Output nothing but the lines from the beginning of the listing below through the line containing "Из южных краёв", exactly as they stand, without pictures.

SUPPLIED INFORMATION Block Start

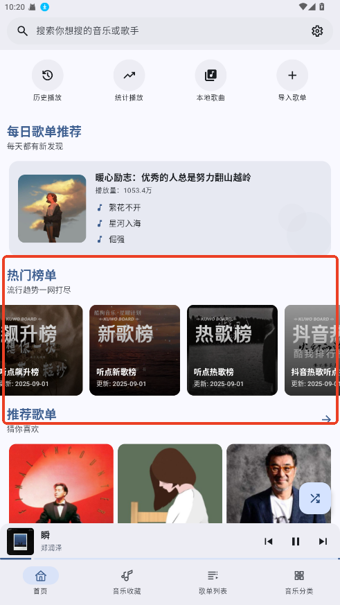 1.进入首页即可浏览热门歌曲、歌单和推荐榜单。
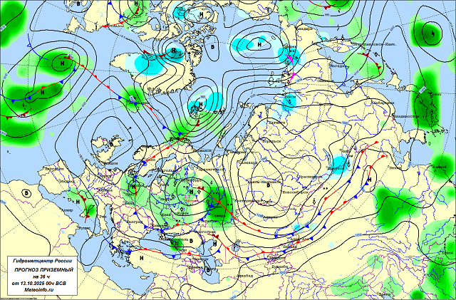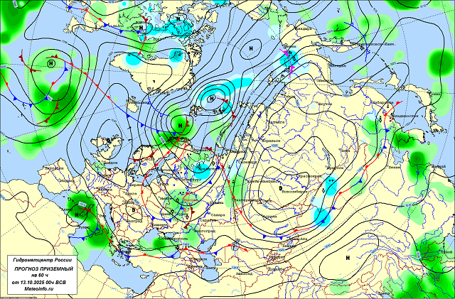 Из южных краёв циклон отправился в Центральные регионы России, и превратил теплую золотую осень в холодную и дождливую. Затем он объединится с другим северным циклоном и образует гигантскую ложбину от Кольского полуострова до Европейского юга, обрушив осадки различной интенсивности. В минувшие сутки сильные дожди, местами с мокрым снегом прошли в Поволжье (в Самарской и Оренбургской областях), в Центральном округе (Московской, Тверской, Смоленской и Калужской областях), в Северо-Западном округе (Псковской, Мурманской областях, Ненецком а.о.) Выпало от 17 мм осадков в Центральных областях до 31 мм в Мурманской области. Сегодня сильный дождь планируется во Владимирской и Рязанской областях, завтра 14 октября пройдёт в Башкортостане в сочетании с ветром 15-20 м/с.
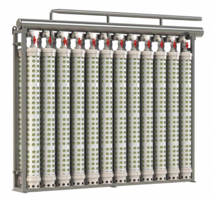 自来水厂浸没式超滤膜集成系统可采用虹吸重力出水方式,与传统负压抽吸式浸没式超滤系统相比,可有效的节省吨水电耗。浸没式膜过滤技术已经在市政自来水、中水回用、海水淡化、工业再生水等多个领域中广泛应用。该系统采用津膜科技自主研发的中空纤维膜丝 ( 获得国家重点新产品证书 ),具有更好的抗污染性、亲水性和高分离精度,且性能稳定,使用寿命长。
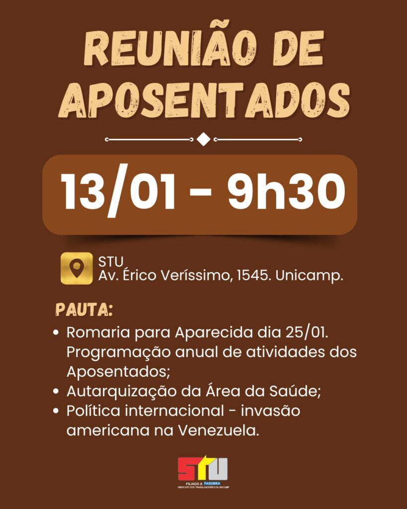 A Coordenação da pasta de Aposentados do STU convida todos e todas aposentadas e pensionistas para participarem da primeira reunião do grupo de 2026, que vai acontecer na sede do STU, na próxima terça-feira, 13/01, às 9h30.
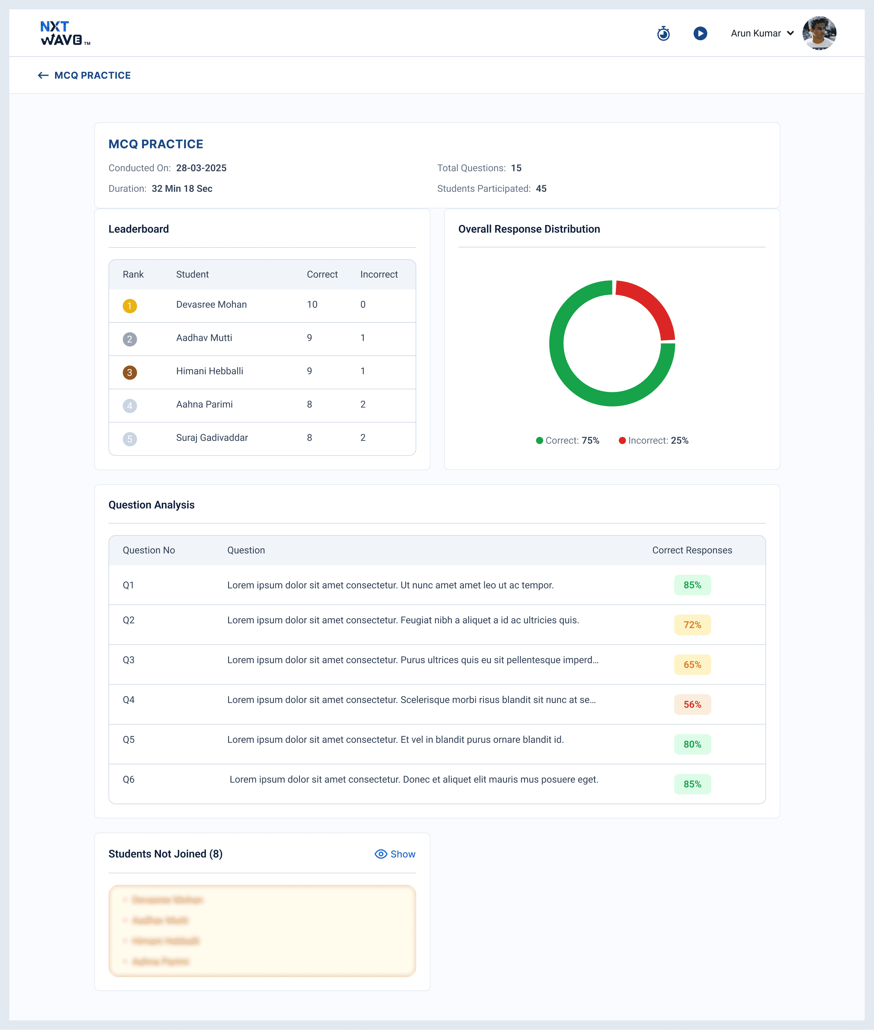 Three intentional choices on this screen. The leaderboard shows top five only — gold, silver, bronze for ranks one through three. The bottom of the table is not shown publicly. The question analysis colour-codes each question by percentage correct: green if at least 80%, yellow between 60 and 80, red below. The instructor knows at a glance what to revisit next class. And Students Not Joined is collapsed by default — visible for follow-up, not the headline of the screen.
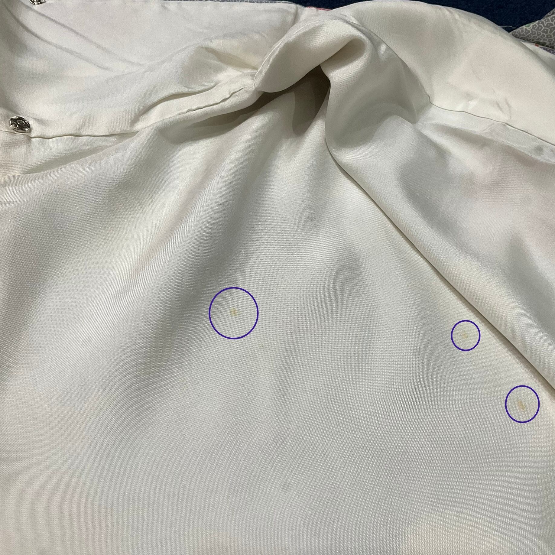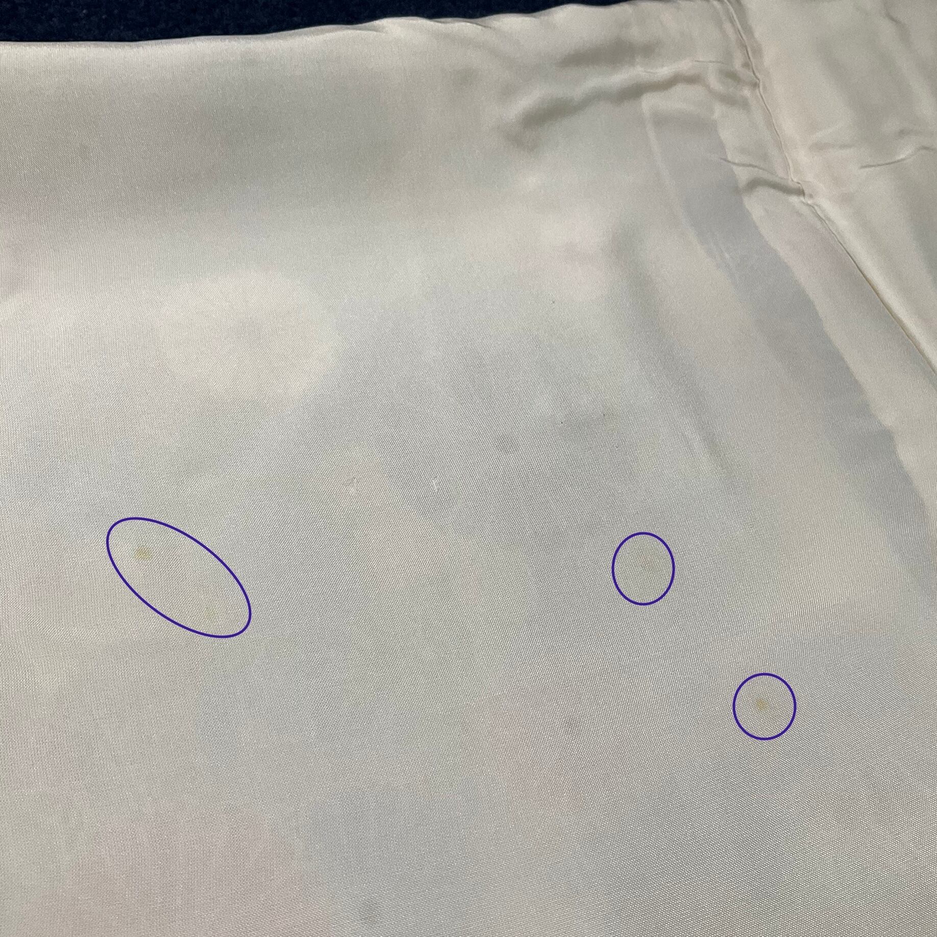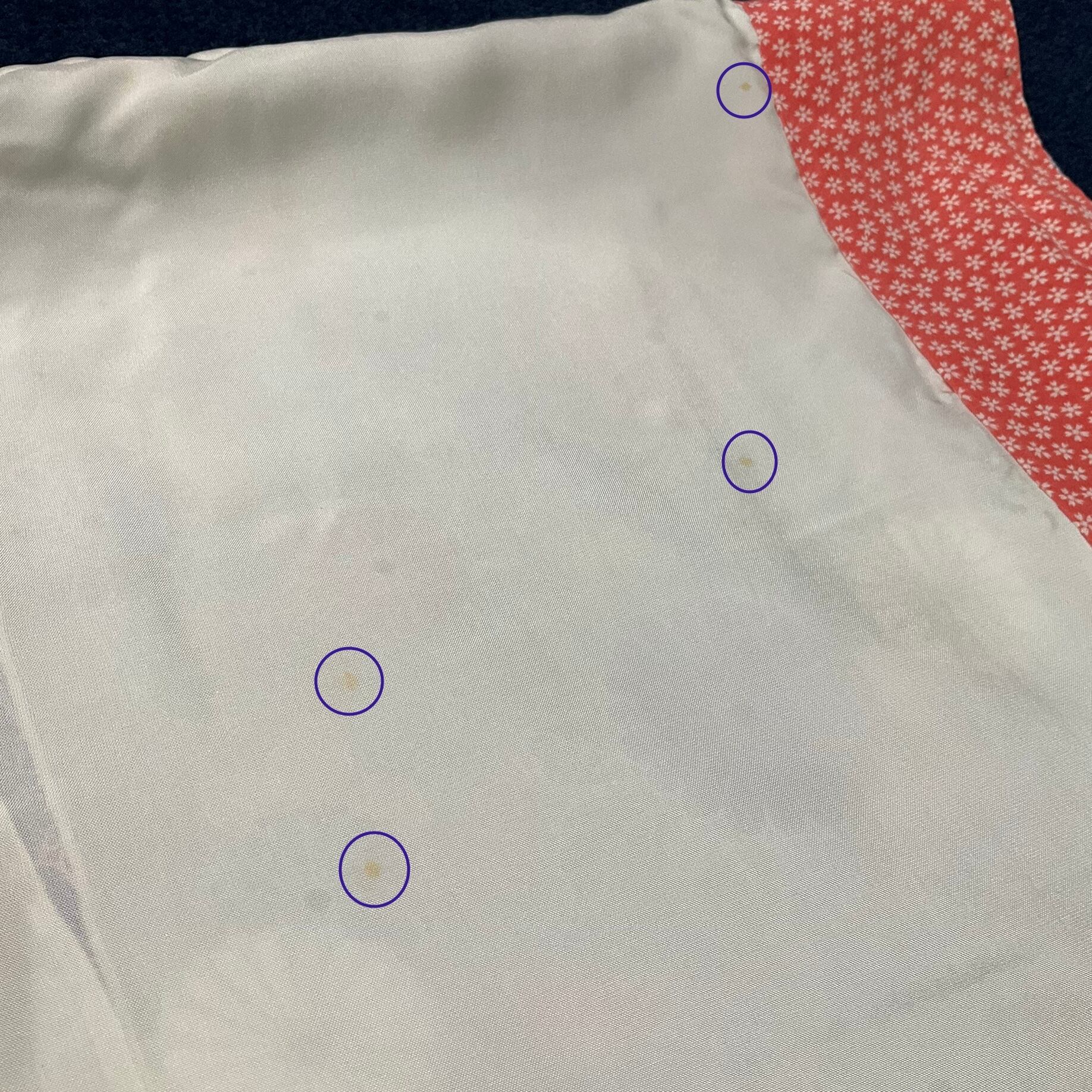 胴裏(身頃、袖等)に、複数のうっすら変色、点アク有り。(※写真掲載以外にも有り。)
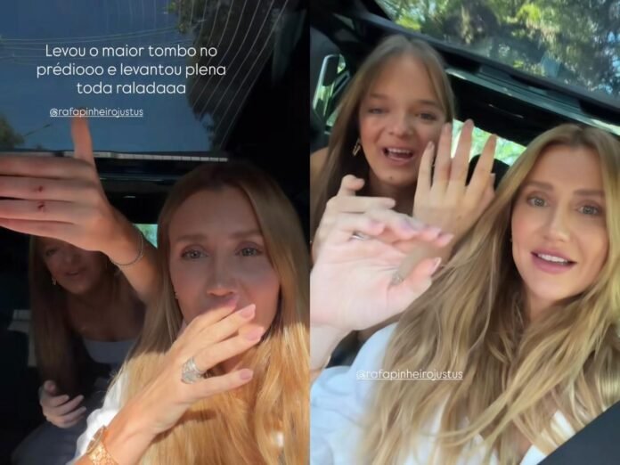 Ana Paula Siebert, de 38 anos, se divertiu ao ver a enteada Rafaella Justus, de 15, levando um tombo numa escada do prédio. A filha de Roberto Justus mostrou no Instagram da madrasta, no domingo (22), os ferimentos na mão causados pela queda. A modelo se divertiu com a situação.”Eu tinha que estar filmando. Eu sei que a gente não pode filmar a desgraça alheia, mas ela caiu e levantou plena para não passar vergonha com o porteiro, com uma cara de como se nada tivesse acontecido”, relatou Siebert, que fez um elogio à menina: “Você é muito boa atriz!”.Rafa disse ter machucado as mãos e os joelhos. Ela comparou o curativo do dedo anelar a uma aliança de namoro, o que incentivou sua madrasta a perguntar “e os namorados?”. Siebert, então, deixou um recado ao futuro membro da família.”Se você não quer ser exposto, não namore a Rafa. E não é só pela Rafa, mas pela família inteira. Vai ser postado pela madrasta, pelas irmãs, pelas cunhadas, pelo pai, pela mãe [Ticiane Pinheiro], pelo padrasto [César Tralli], pela avó… por todo mundo”, avisou.ASSISTA AO VÍDEO:Ana Paula Siebert se diverte com tombo de Rafaella Justus
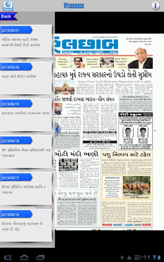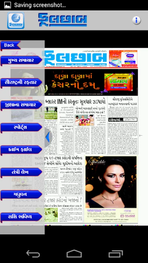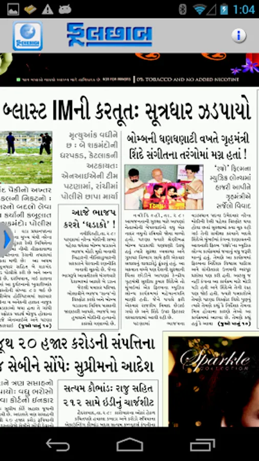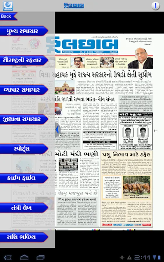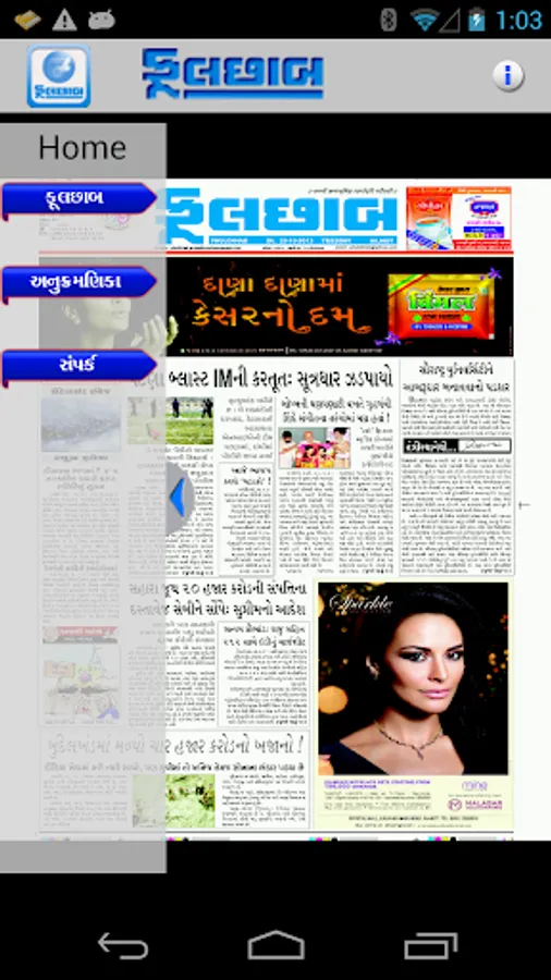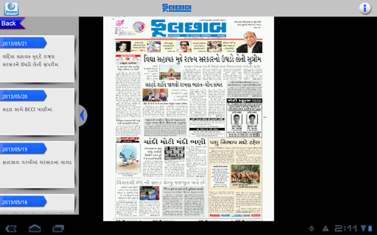 Get the official Android version of PhulChhab Gujarati Newspaper right on your Android .The ePaper downloads the entire print edition of the newspaper for offline reading. You can use your finger - tips to "pinch and zoom" the text in articles if you would like to enlarge, or reduce the font size. You can read the edition in portrait or landscape mode.
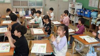 みんなで手拍子をしながら「小犬のビンゴ」歌っていました。「B・I・N・G・O」の歌詞を歌わない部分では手拍子を打ちますが、思ったより難しく、失敗も楽しみながらみんなで一緒に歌いました。
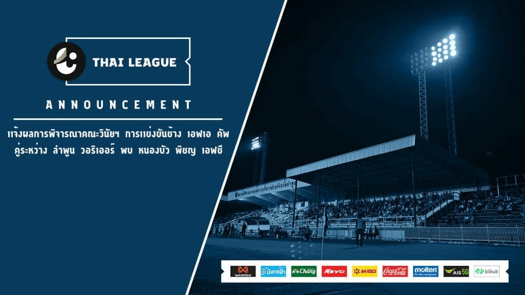 จากการตัดสินโดยคณะกรรมการวินัย มารยาท สมาคมกีฬาฟุตบอลฯ จากกรณีไฟฟ้าส่องสว่างขัดข้องในเกม ช้าง เอฟเอ คัพ ระหว่าง ลำพูน วอริเออร์ พบกับ หนองบัว พิชญ เอฟซี ที่มีการยุติการแข่งขัน และ ลำพูน วอริเออร์ ถูกปรับแพ้

SUPPLIED INFORMATION Block End

### SOLUTION
 1.进入首页即可浏览热门歌曲、歌单和推荐榜单。
 Из южных краёв циклон отправился в Центральные регионы России, и превратил теплую золотую осень в холодную и дождливую. Затем он объединится с другим северным циклоном и образует гигантскую ложбину от Кольского полуострова до Европейского юга, обрушив осадки различной интенсивности. В минувшие сутки сильные дожди, местами с мокрым снегом прошли в Поволжье (в Самарской и Оренбургской областях), в Центральном округе (Московской, Тверской, Смоленской и Калужской областях), в Северо-Западном округе (Псковской, Мурманской областях, Ненецком а.о.) Выпало от 17 мм осадков в Центральных областях до 31 мм в Мурманской области. Сегодня сильный дождь планируется во Владимирской и Рязанской областях, завтра 14 октября пройдёт в Башкортостане в сочетании с ветром 15-20 м/с.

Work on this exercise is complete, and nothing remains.